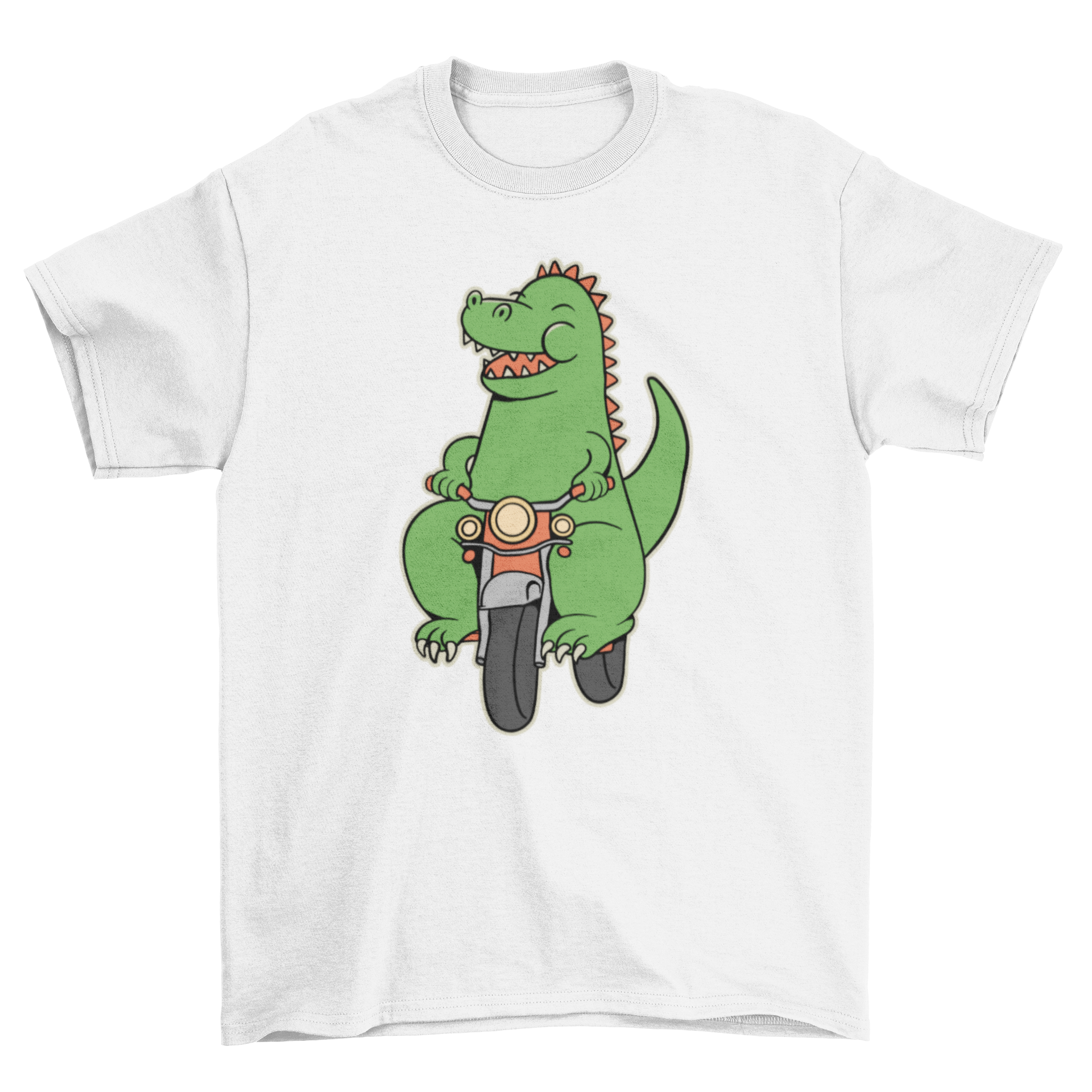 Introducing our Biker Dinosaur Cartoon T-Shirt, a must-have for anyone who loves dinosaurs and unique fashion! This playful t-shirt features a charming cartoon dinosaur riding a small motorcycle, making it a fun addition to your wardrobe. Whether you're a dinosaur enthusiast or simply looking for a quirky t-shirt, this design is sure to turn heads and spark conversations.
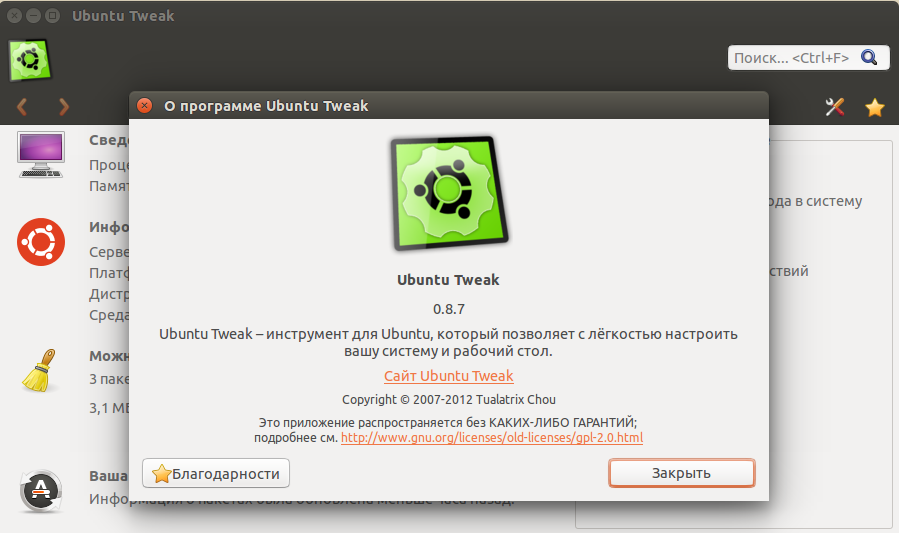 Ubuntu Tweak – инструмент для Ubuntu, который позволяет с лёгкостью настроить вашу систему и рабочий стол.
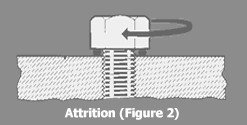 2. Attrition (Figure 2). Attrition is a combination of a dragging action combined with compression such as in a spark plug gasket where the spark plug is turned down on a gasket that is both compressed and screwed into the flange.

> [HOW TO COMPLETE THIS TASK]
The material above must be reproduced line for line, with the images omitted.

> [COMPLETED TASK]
 Introducing our Biker Dinosaur Cartoon T-Shirt, a must-have for anyone who loves dinosaurs and unique fashion! This playful t-shirt features a charming cartoon dinosaur riding a small motorcycle, making it a fun addition to your wardrobe. Whether you're a dinosaur enthusiast or simply looking for a quirky t-shirt, this design is sure to turn heads and spark conversations.
 Ubuntu Tweak – инструмент для Ubuntu, который позволяет с лёгкостью настроить вашу систему и рабочий стол.
 2. Attrition (Figure 2). Attrition is a combination of a dragging action combined with compression such as in a spark plug gasket where the spark plug is turned down on a gasket that is both compressed and screwed into the flange.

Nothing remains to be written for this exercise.